Arguably, in the absence of a disclosed relationship, McCollister’s Transportation should be treated as a broker because it did not act as a motor carrier in this transaction and ultimately only facilitated the delivery in question. Most courts have held that brokers are not subject to Carmack liability. See, e.g., Chubb Grp. of Ins. Cos. v. H.A. Transp. Sys., Inc., 243 F.Supp.2d 1064 (C.D.Cal.2002); Prof’l Commc’n, Inc. v. Contract Freighters, Inc., 171 F.Supp.2d. 546, 551 (D.Md.2001); Indep. Mach., Inc. v. Kuehne & Nagel, Inc., 867 F.Supp. 752, 761 (N.D.Ill.1994); Commercial Union Indus. Co. v. Forward Air, Inc., 50 F.Supp.2d 255, 258 (S.D.N.Y.1999); Adelman v. Hub City L.A. Terminal, 856 F.Supp. 1544, 1547–48 (N.D.Ala.1994). Consequently, state law generally governs brokers’ liability for any loss or damage of cargo in transit. See id.

 

At this stage, the Court believes it would be inappropriate to dismiss the counterclaims against McCollister’s Transportation. Defendant, by presenting the circumstances that surrounded its negotiations with McCollister’s Transportation, has alleged facts sufficient to constitute a “plausible” claim for a breach of contract. The plausibility standard of Iqbal does not require total certainty. Instead, it is “a context-specific task that requires the reviewing court to draw on its judicial experience and common sense.”   Iqbal, 129 S.Ct. at 1950. Because many of the allegations in the Answer require a context specific inquiry and necessitate the development of the factual record before the Court can decided whether, as a matter of law, McCollister’s Transportation can be held liable separate and apart from United Van Lines, Plaintiffs’ arguments, which are certainly colorable, are best addressed by way of a motion for summary judgment after discovery has concluded.

 

c.
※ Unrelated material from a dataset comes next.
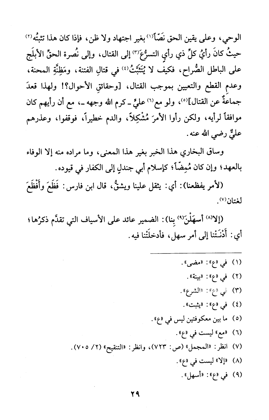الوحي، وعلى يقين الحق نَصّاً (¬1) بغير اجتهاد ولا ظن، فإذا كان هذا تثبتُه (¬2) حيثُ كانَ رأيُ كلِّ ذي رأيٍ التسرُّعَ (¬3) إلى القتال، وإلى نُصرة الحقِّ الأبلَج على الباطل الصُّراح، فكيف لا يُتَثَبَّتُ (¬4) في قتالِ الفتنة، ومَظِنَّةِ المحنة، وعدمِ القطع والتعيين بموجب القتال، [وحقائقِ الأحوال؟! ولهذا قعدَ جماعةٌ عن القتال] (¬5)، ولو مع (¬6) عليٍّ -كرم الله وجهه-، مع أن رأيهم كان موافقاً لرأيه، ولكن رأوا الأمرَ مُشْكِلاً، والدم خطيراً، فوقفوا، وعذرهم عليٌّ رضي الله عنه.

Defendant’s Remaining Affirmative Defenses

Plaintiffs contend that Defendant’s equitable affirmative defenses have no relevance to the Complaint, which seeks a declaration pursuant to controlling federal law that United Van Lines’ liability is limited to $5.00/lb. under the Bill of Lading. The Court, however, believes that any facts supporting Defendant’s contentions can and should be fleshed out through discovery. Essentially, United Van Lines and McCollister’s Transportation have asked the Court to rule on the viability of an affirmative defense before allowing Lohr Printing to explore the underlying merits of its claims. The Declaratory Judgment Act is not meant for this purpose. See generally Coffman v. Breeze Corp., 323 U.S. 316, 322–24, 65 S.Ct. 298, 89 L.Ed. 264 (1945); Calderon v. Ashmus, 523 U.S. 740, 747, 118 S.Ct. 1694, 140 L.Ed.2d 970 (1998). Accordingly, the Court will deny Plaintiffs’ motions to strike Defendant’s affirmative defenses pending the outcome of discovery. If, after adequate discovery, Plaintiffs believe that there is insufficient evidence to support the affirmative defenses asserted, it may move for summary judgment.

 

IV. CONCLUSION

For the foregoing reasons, Plaintiffs’ Motion will be granted in part and denied in part. An appropriate order will follow.